The Chekov Monument, designed by G.A. Zakharov, sculpted by Iulian Rukavishnikov. Located in the Chekhov Square in Taganrog. It was unveiled on January 29, 1960, to coincide with the writer Anton Chekhov's centennial birth anniversary.

History of the Monument

The idea to erect a monument to Chekhov first came from the authorities in 1910. In 1944 the Council of People's Commissars decreed to erect a monument to Chekhov to commemorate the 40th anniversary of the writer's death. 

By October 1954, 18 projects of the statue were submitted, and all of them were exposed to the public in the Local Lore Museum of Taganrog. Three years later the Second Nationwide Contest was held in Moscow, where 30 projects of the statue were submitted. After the second round the best works were sent to Taganrog where the statue by Iulian Rukavishnikov earned universal approval. 

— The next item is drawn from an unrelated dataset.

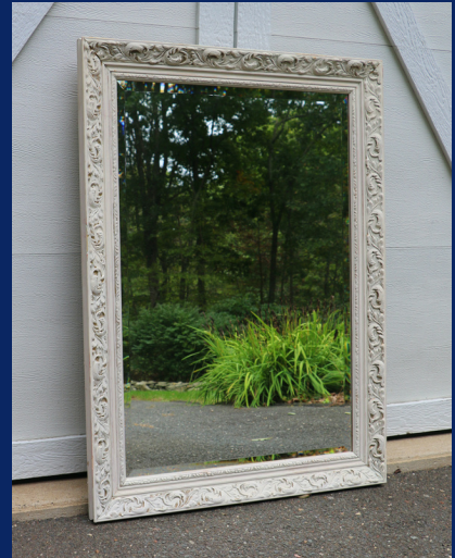
SWEET HOME ALABAMA
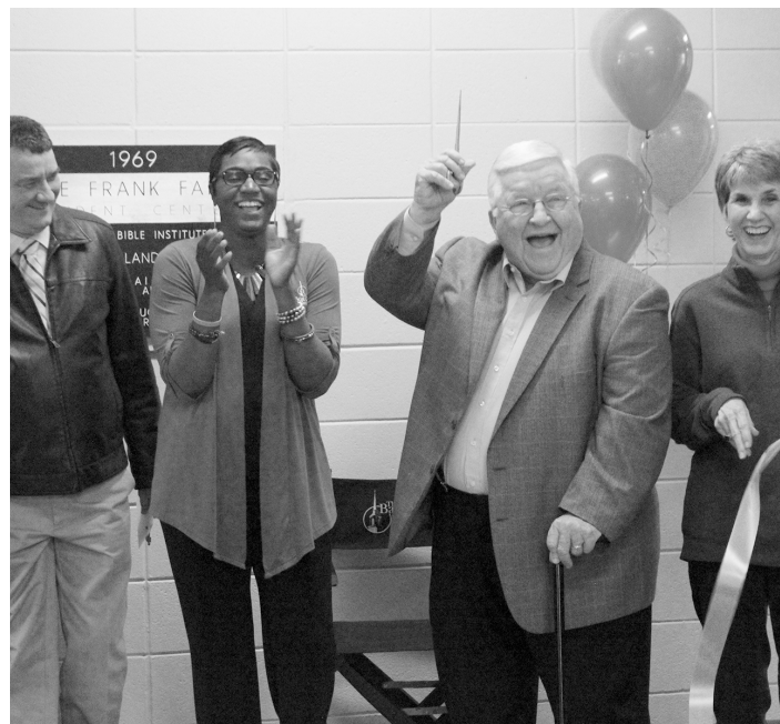
Ribbon cutting ceremony for Izzy's Isle

The monument comprises a granite pedestal and a bronze statue showing Chekhov impeccably dressed, sitting on the stone, looking into the distance and holding a book in his right hand, his forefinger between pages as though the writer is reflecting on something deep. The height of the monument is 3 m (9.84 f.). 

The Chekhov Square was planted in the Red Square (in front of Alexandrovskiye Trade Rows) in Taganrog in 1934 to mark the writers 75th anniversary in 1935. 

The Chekhov Monument acts as a tribute paid by the people of Taganrog to their most renowned fellow townsman.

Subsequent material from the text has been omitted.